Recycling can also extend to the rest of your home office equipment. Once it reaches the end of its life, don't just send it off to landfill. Everything from phones through to computers can be recycled. Check with your local council for e-waste recycling days and as mentioned in the previous paragraph, office suppliers like Officeworks often have bins where you can drop off old phones and printer cartridges. Often, if you purchase a new device such as a laptop, phone or printer, the supplier or manufacturer offers a free service to pick up and dispose of the old device.

7. Take a power nap


Siestas aren't just for those afternoons when you've over-indulged at lunch or not to fit in a tactical nap between meetings. Switching off equipment at the power point and unplugging it at the end of each day can help reduce energy costs, and also reduces the likelihood of delicate electronics getting fried during electrical storms.

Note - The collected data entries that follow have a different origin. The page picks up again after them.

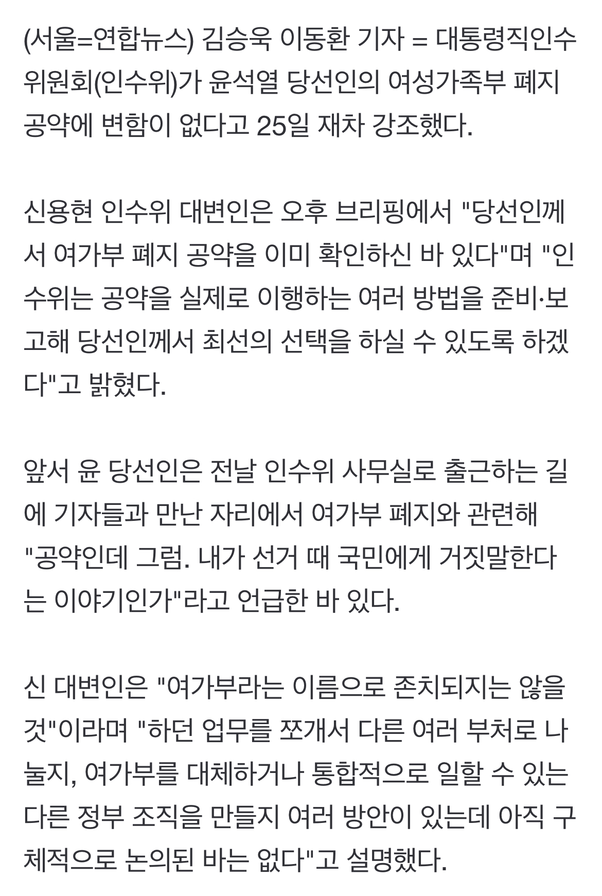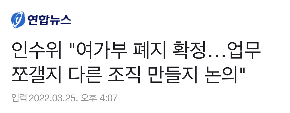 (서울=연합뉴스) 김승욱 이동환 기자 = 대통령직인수위원회(인수위)가 윤석열 당선인의 여성가족부 폐지 공약에 변함이 없다고 25일 재차 강조했다.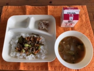 もずくと豚ひき肉のジューシー、さつまいものみそ汁、焼きれんこん、牛乳
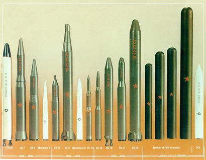 Muestra de los diferentes misiles intercontinentales de las dos potencias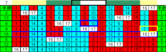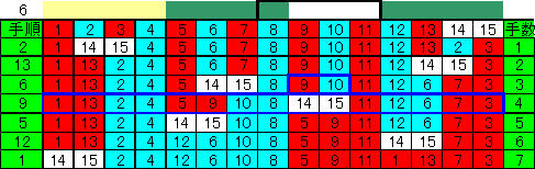そして[(N+3)/2]手目で右端の2個を移動(N=7の図黄色枠部)すると中央の3個のまとまりを除き、同種2個ずつ左右対称にまとまった形になる。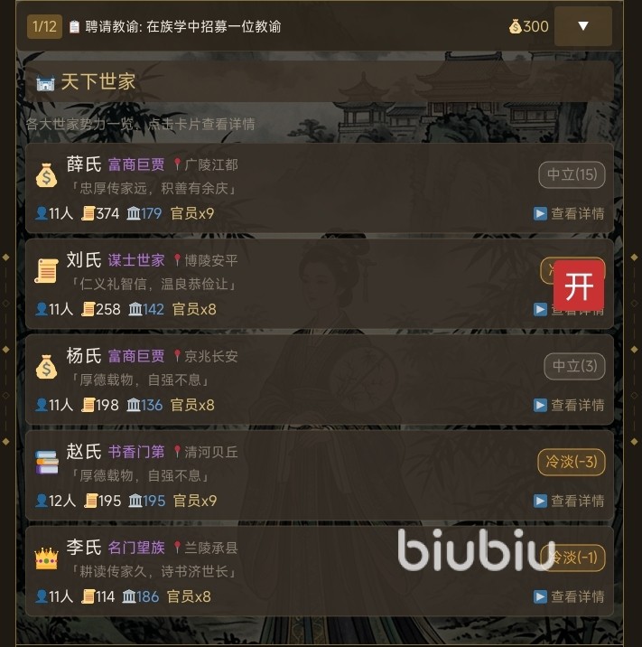 家族外部关系网络是影响长期存续的关键变量。玩家需主动开展外交互动:与地方望族建立贸易或学术同盟,借势发展;通过联姻缔结稳固政治纽带;亦可逐步渗透朝堂,与皇帝、太子、重臣等核心势力构建信任关系,获取政策倾斜、赦免特权或军事庇护,显著降低发展过程中的系统性风险。

You can also cut down on energy usage (and thus, your power bills!) by ensuring your office is well-insulated. Try to avoid using air conditioning where possible, as this will cause your energy usage to sky-rocket.

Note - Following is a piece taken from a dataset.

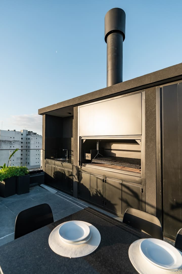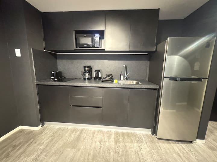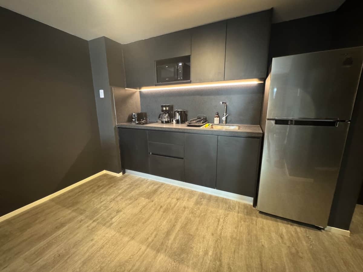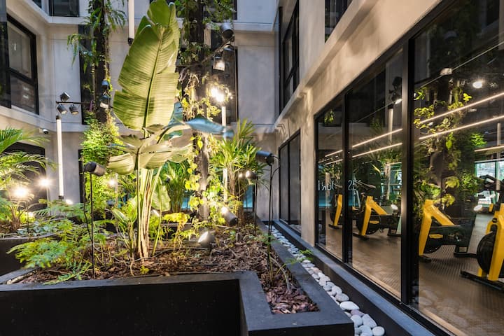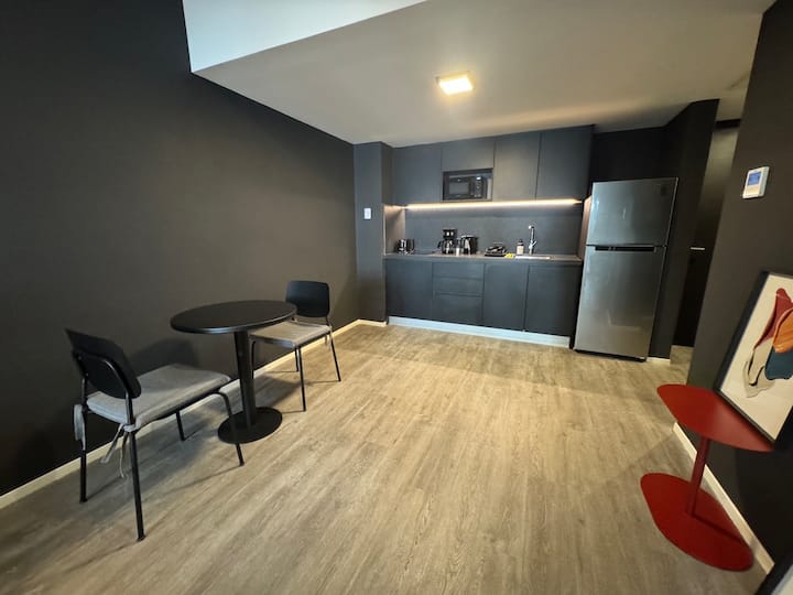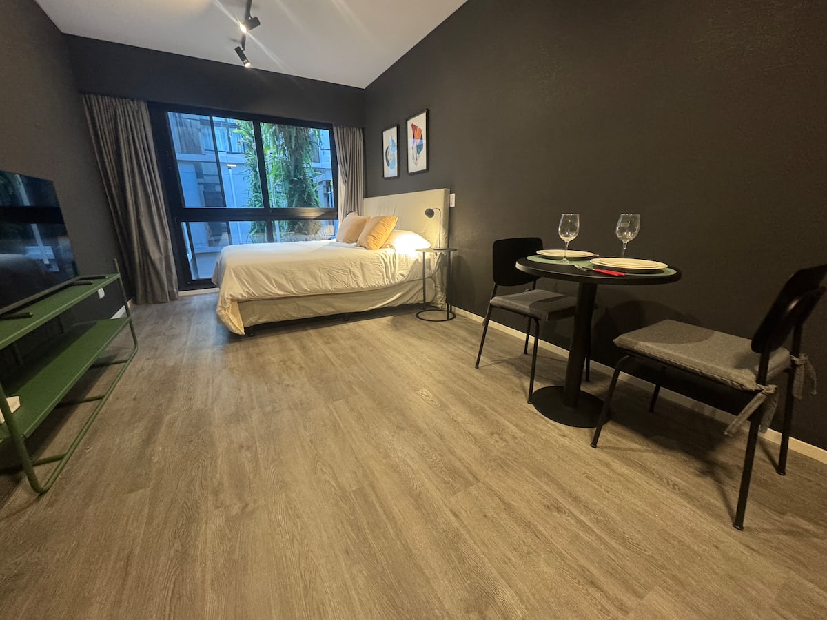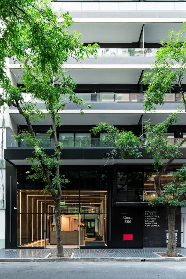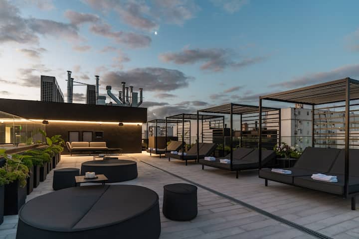Monoambiente amoblado en Palermo, entre Palermo Hollywood y Colegiales. Cuenta con cama doble, placard, 1 baño completo y cocina equipada con heladera, vajilla y electrodomésticos. Incluye aire acondicionado y calefacción central con control individual, TV y WiFi, cerradura digital y equipamiento de cocina como cafetera Nespresso, tostadora y pava eléctrica. El edificio dispone de pileta semiolímpica climatizada, pileta exterior, gimnasio de 500 m², área de co-working, espacios de yoga y meditac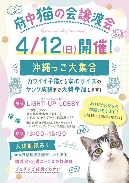 | その他(譲渡条件など) | ୨୧⌒⌒⌒⌒⌒⌒⌒⌒⌒⌒⌒⌒⌒⌒⌒୨୧ 府中駅直結⭐︎譲渡会のお知らせ ୨୧⌒⌒⌒⌒⌒⌒⌒⌒⌒⌒⌒⌒⌒⌒⌒୨୧ 【日時】4月12日(日)13時〜15時30分(受付) 【場所】LIGHT UP LOBBY (ホテル ケヤキゲート東京府中2F 京王線府中駅直結) ※会場への直接のお問い合わせはお控えください。 ご質問は、fuchu_nekonokai@yahoo.co.jpまで こんにちは。『NPO法人府中猫の会』です! 地元のTNR活動&保護活動(野良猫を増やさない取り組みや行き場のない猫達の保護)に尽力しているボランティア団体です。 その他にも当ボランティアの取り組みとして、地方の行き場のない猫達の保護にも力をを入れております。 今まで『熊本殺処分STOPプロジェクト』を掲げて約200匹の猫達を空輸して来ました。 そして、今現在は『沖縄プロジェクト』に着手しております。現在沖縄から殺処分となってしまう猫達を200 匹以上空輸して来ました。 今回の譲渡会でお披露目する子達は、沖縄っ子達ばかりです。 初めて猫を迎えたい方も安心してご来場ください。当会の譲渡会に出場する猫は家庭猫訓練済みであり、ご準備からアフターケアまでしっかり行うので、毎回、猫飼い初心者の方達が多数ご来場くださっております。 子猫が多数出場します。家庭環境やお留守番事情、先住の有無など、しっかりスタッフにご相談ください。 【 譲渡会にご参加くださる方々へ 】 ◎譲渡会来場者を優先しております。お気軽にお越しください。 ◎混雑を防ぐ為、入場制限をさせていただきますが、ご予約の必要はございません。入り口にてスタッフが整理券を配布いたしますのでご協力お願い申し上げます。 ◎会場へのアクセスこちら☞https://youtu.be/jxn2O6sdyOk ◎譲渡会はお見合いのみの場となっております。 ご来場前に必ず下記の事項をご参照ください。 ▶︎譲渡会のシステムについて◀︎ https://chuneko.exblog.jp/32604872/ ◎譲渡対象区域について https://ameblo.jp/team-rose-cats/entry-12927558078.html 【 よくあるご質問 】 ₍ᐞ•༝•ᐞ₎◞ ̑̑ 猫ちゃんを飼いたいな?迎えるならば保護猫を迎えたいな…でも保護猫ってハードルが高い気がする。 その点はご安心ください!出場する全ての猫達はある程度の家猫訓練を受けており、トイレ訓練はパーフェクトです。お迎えくださる方は、事前準備からアフターケアーまで全てさせていただきます。 ₍ᐞ•༝•ᐞ₎◞ ̑̑ 子猫ちゃんを飼いたいです。パートタイムの仕事があり半日は不在となります。大丈夫ですか? 勿論です!何も生まれたての子猫を託すわけではありませんので、キチンとお留守番できるように家猫訓練をさせてから譲渡します。 この度、ご紹介させていただく子猫達は去勢or避妊手術済みの子達も参加します。安心サイズでお留守番も可能ですので、ご安心ください。 余裕があれば、子猫希望のお方は仲良し2匹組と一緒に迎える事をオススメしております! (子猫ちゃんは遊びながら成長して行きます。ある程度、ほっといて成長させたければ子猫に関しては断然!2匹飼いがオススメです) ₍ᐞ•༝•ᐞ₎◞ ̑̑ 我が子の為にも保護猫を迎えたいと考えていますが、猫飼い初心者でも大丈夫?テレビなど見ているとハードルが高そうで躊躇してます。 そのようなご家庭こそぜひお越しください! お子様が保護猫達と一緒に育つ事により、命に優しい情操教育になると願う私達は率先してご縁を決めさせていただきます。(初心者飼いOKの猫ちゃんを選ぶのがオススメです) お子様の健康を守る為にも猫アレルギーの有無をご確認させていただきます。事前に猫アレルギー検査をオススメします。 ₍ᐞ•༝•ᐞ₎◞ ̑̑ 60歳以上の里親希望者様や単身者の希望者様へ 今時の60代様、70代様は、大変お若くアグレッシブでいらっしゃいます。 そんな方々にはぜひ成猫さんをオススメさせていただきます。 単身者の方も、後継人をご提示くだされば、是非ともゆったりと暮らして行ける子がおります。 60歳以上の方は後継人が必要となります。後継人の方と一緒にご来場くださると我々も選考しやすいです。 単身者の方も同様に後継人が必要がとなります。 【 本気で猫ちゃんを飼いたい方必見! 】 譲渡会についてのシステムはこちら https://ameblo.jp/team-rose-cats/entry-12894250807.html 【 Youyube ちゅー猫チャンネル 】 https://www.youtube.com/@chuneko 譲渡会出場にゃんずの様子がご覧いただけます!YouTubeの収益は全て猫たちに使っております。 【 ご見学者(応援くださる方々)やグッズ購入の方々へ 】 ₍ᐞ•༝•ᐞ₎◞ ̑̑ いつもありがとうございます。 お気軽にご来場お待ちしております! 大変申し訳ないのですが、里親希望の方々を優先的にご案内させていただくのをご了承の上、お越し下されば幸いです。 会場では、ちゅー猫オリジナルグッズも販売しております。 普段、ネットで販売している公式グッズの現物をお手に取ってご覧いただけます。 |

Ceiling fans are a great option for circulating cool air in summer and pushing warm air down from the ceiling in winter. You can also try several tricks to make your desk fan more effective, such as placing a cold damp towel over the fan, or placing bowl of ice water in front of the fan.

8. Bring the outdoors in


Not only do plants add a lovely ambiance to your home office environment, they can also go to work by eliminating harmful pollutants from the air. They do this by converting carbon dioxide into oxygen and some can filter out benzene, formaldehyde and/or trichloroethylene.

Indoor plants can also help with your mental and emotional health. A 2007 study found that a bacterium in plant soil triggers the release of serotonin, which lifts mood and reduces anxiety.

Some plants that are commonly recommended for indoors include:

  • Pothos: This plant is difficult to kill, making it perfect for home offices. It's tolerant of low light conditions and erratic watering.
  • Peace Lily: This is a world-class air filtering plant (absorbs pollutants including benzene and formaldehyde) and can thrive in a home office. To keep your Peace Lily in top condition, keep away from direct sunlight as they prefer lower levels of light.
  • Rubber Plant: A NASA approved air-cleaning plant! It loves the sun but not high heat. Place rubber plants by windows.
  • English Ivy: Keep the English Ivy fresh by misting it with water regularly. You might even like to add some timber or mesh for it to climb.
  • Boston Fern: Lovely with its draping stems and long fronds, this fern has a higher tolerance for light and dry conditions than other species.
  • Gerbera Daisies: A green way to show appreciation. The gerbera daisy is bright, simple and a powerful air-filterer.

This material has been prepared for information purposes only. This should not be taken as constituting professional advice. You should consider seeking independent legal, financial, taxation or other advice to determine how this information relates to your own circumstances.